Count Kirill Grigoryevich Razumovski, anglicized as Cyril Grigoryevich Razumovski (, , romanized: Kyrylo Hryhorovych Rozumovskyi; 18 March 1728 – 1 January 1803) was a Russian Imperial statesman of Ukrainian Cossack descent, who served as the last Hetman of Zaporozhian Host on both sides of the Dnieper (from 1750 until 1764) and then as a Field marshal in the Russian Imperial Army. Razumovsky was the President of the St. Petersburg Imperial Academy of Sciences from 1746 until 1798.

Biography

Razumovsky was born to a family of low rank Cossack Hryhoriy Rozum in Lemeshi Russian Empire, Kiev Regiment on 18 March 1728. The village Lemeshi where Razumovsky was born to this day stands in Chernihiv Raion, Chernihiv Oblast, Ukraine.

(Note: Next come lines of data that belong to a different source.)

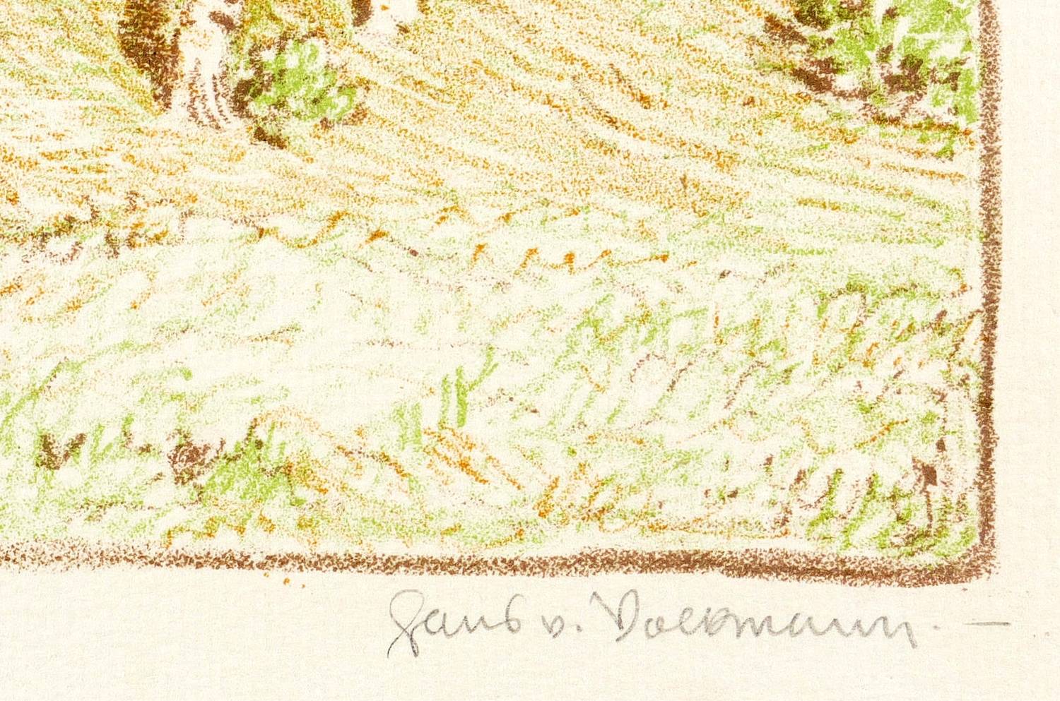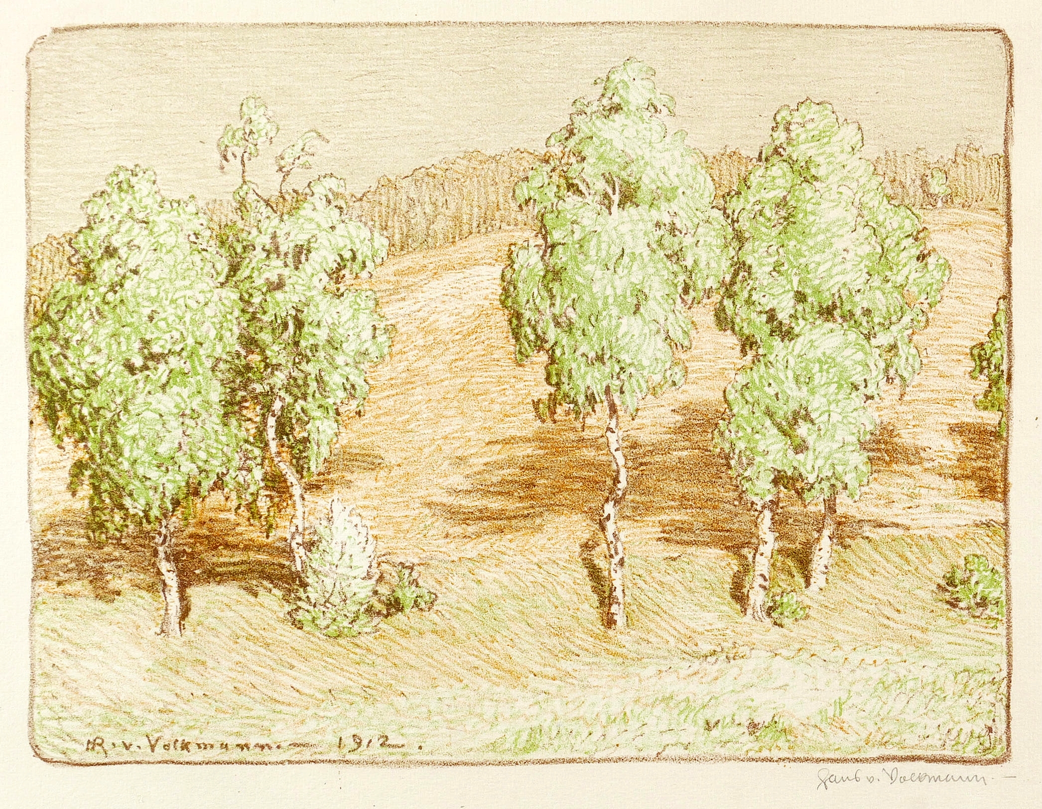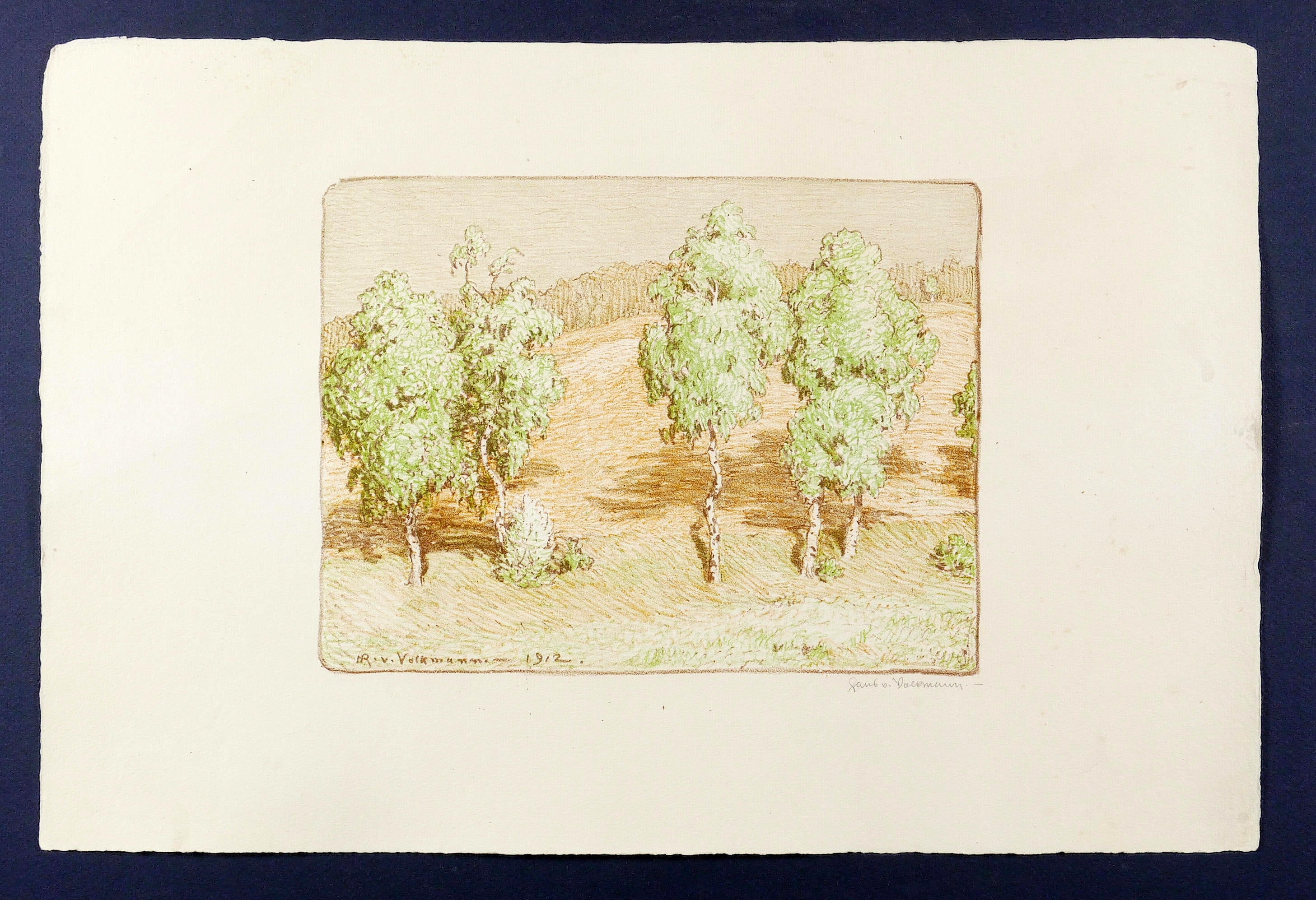 Rechts unten in Bleistift signiert: ″Hans v. Volkmann″. Im Stein links unten Signatur und Jahr: ″HR. v. Volkmann - 1912.″ – Vgl. das Ölgemälde ″Abendliche Sommerlandschaft mit Birken″ von 1911 (Van Ham, 222. Auktion Alte Kunst, Los 1746). – Im breiten Rand minimal fleckig, Insgesamt gut erhalten.
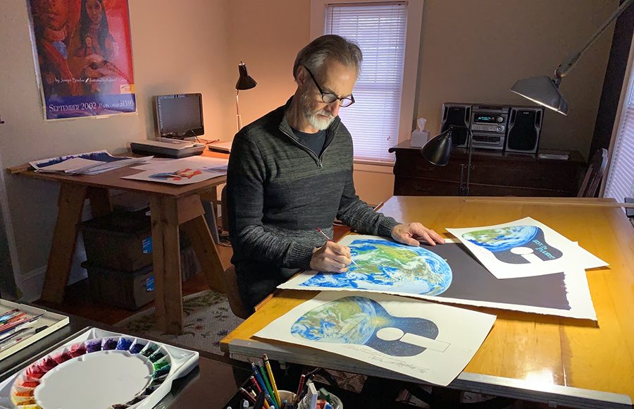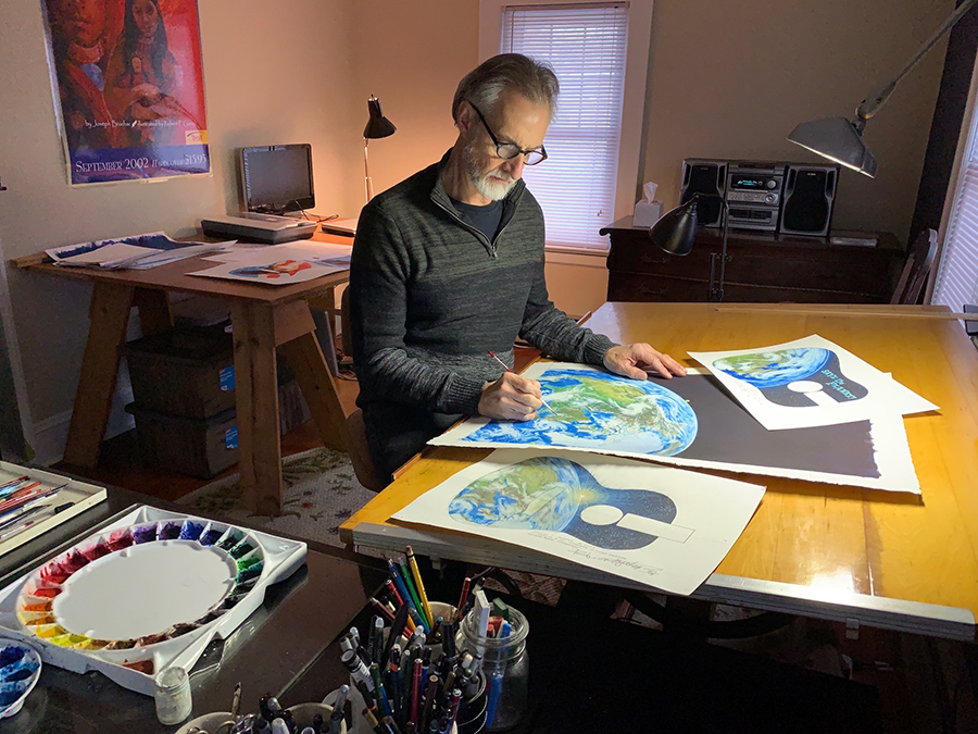 The movement fanned a flame in Goetzl that had been slowly burning for many years. He wanted to use his talent to become part of the solution, so he immediately dropped what he was doing and painted a watercolor of the earth. His hope was that it would one day adorn the top of a Martin guitar that could be used to bring awareness to the urgent need for climate action.
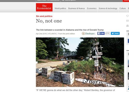 To a startling degree—and for reasons that may shed light on the presidential race—[Alabama] and other southern states combine conspicuous religiosity with widespread loucheness.Linda note: loucheness = sketchy behavior—think Laissez le Bon Temps Rouler.)

From 1743 to 1744 Kirill Razumovsky incognito attended the University of Göttingen. Razumovsky's adjutant in his journey to Germany was Grigory Teplov. Teplov wielded influence over Little Russia in his capacity as the secretary and advisor to Kirill Razumovsky (whose cousin he married). Razumovsky was appointed President of the Russian Academy of Sciences when he just turned 18 years old due to the influence of his brother, Aleksey Razumovsky, the morganatic husband of Empress Elisabeth of Russia.

In 1750, Razumovsky was elected and subsequently appointed Hetman of Zaporizhian Host, a title he held until Catherine II of Russia abolished this title in 1764, in exchange Razumovsky was granted a rank of Field marshal of Russian Army in 1764. During his service as Hetman of Zaporizhian Host, Baturin was re-established as residence of Hetman and Razumovsky had opulent baroque palaces erected both in Baturin as well as in Glukhov by the imperial architect Andrey Kvasov and Charles Cameron. Together with Grigory Teplov he also planned to open a university in Baturin. Kirill Razumovsky died in January 1803 in Baturin, where he was interred according to his wishes without any pomp, in stark contrast to his rather flamboyant lifestyle.

Kirill married Yekaterina Naryshkina and had five sons, of whom Count Aleksey Kirillovich Razumovsky (1748-1822) was the Minister of Education in 1810–16, and Prince Andrey Razumovsky (1752-1836) was the Russian plenipotentiary ambassador in Vienna in the years of the Congress 1814–1815. However, Andrey has become better known for his role as patron of Ludwig van Beethoven who dedicated three String Quartets, Op.59 1, 2 and 3, as well as the 5th and 6th Symphonies to him. Any living descendants in the male line of Kirill Razumovsky arise from the progeniture of his fourth son Gregory Razumovsky (1759-1837), who had to emigrate to Western Europe and acquired relative fame as natural scientist and member of a number of distinguished scientific societies in Austria, Prussia and Switzerland.

Arms

Memory
On Day of Unity of Ukraine in 2009 was solemnly presented a monument "The Hetmans. The Prayer for Ukraine". This monument immortalises five hetmans - Demian Ihnatovych, Ivan Samoilovych, Ivan Mazepa, Pylyp Orlyk and Kirill Razumovsky - in Baturyn, Chernihiv Region.

Literature
 Maria Razumovsky. Die Rasumovskys: eine Familie am Zarenhof. Köln 1998. — 300 S.

References

External links
 Kyrylo Rozumovsky at the Encyclopedia of Ukraine
 Kyrylo Rozumovsky at the Jurist Encyclopedia
 Palace's secrets. Kirill Razumovskiy, the Last Hetman. Kultura TV Channel (Russia).
 Koliada, I; Milko, V. Kyrylo Rozumovsky. "Folio".
 Kyrylo Rozumovsky. Ukrainians in the World.
 Soroka, Yu. Hetmanless period and the last Hetman of Ukraine.

1728 births
1803 deaths
People from Chernihiv Oblast
People from Kiev Governorate (1708–1764)
Ukrainian people in the Russian Empire
People from the Cossack Hetmanate
University of Göttingen alumni
Hetmans of Zaporizhian Host
Field marshals of Russia
Kirill
Torbanists
Full members of the Saint Petersburg Academy of Sciences
18th-century Ukrainian people
Recipients of the Order of St. Anna, 4th class
Recipients of the Order of St. Anna, 3rd class
Recipients of the Order of St. Anna, 2nd class
Recipients of the Order of St. Anna, 1st class
Recipients of the Order of the White Eagle (Poland)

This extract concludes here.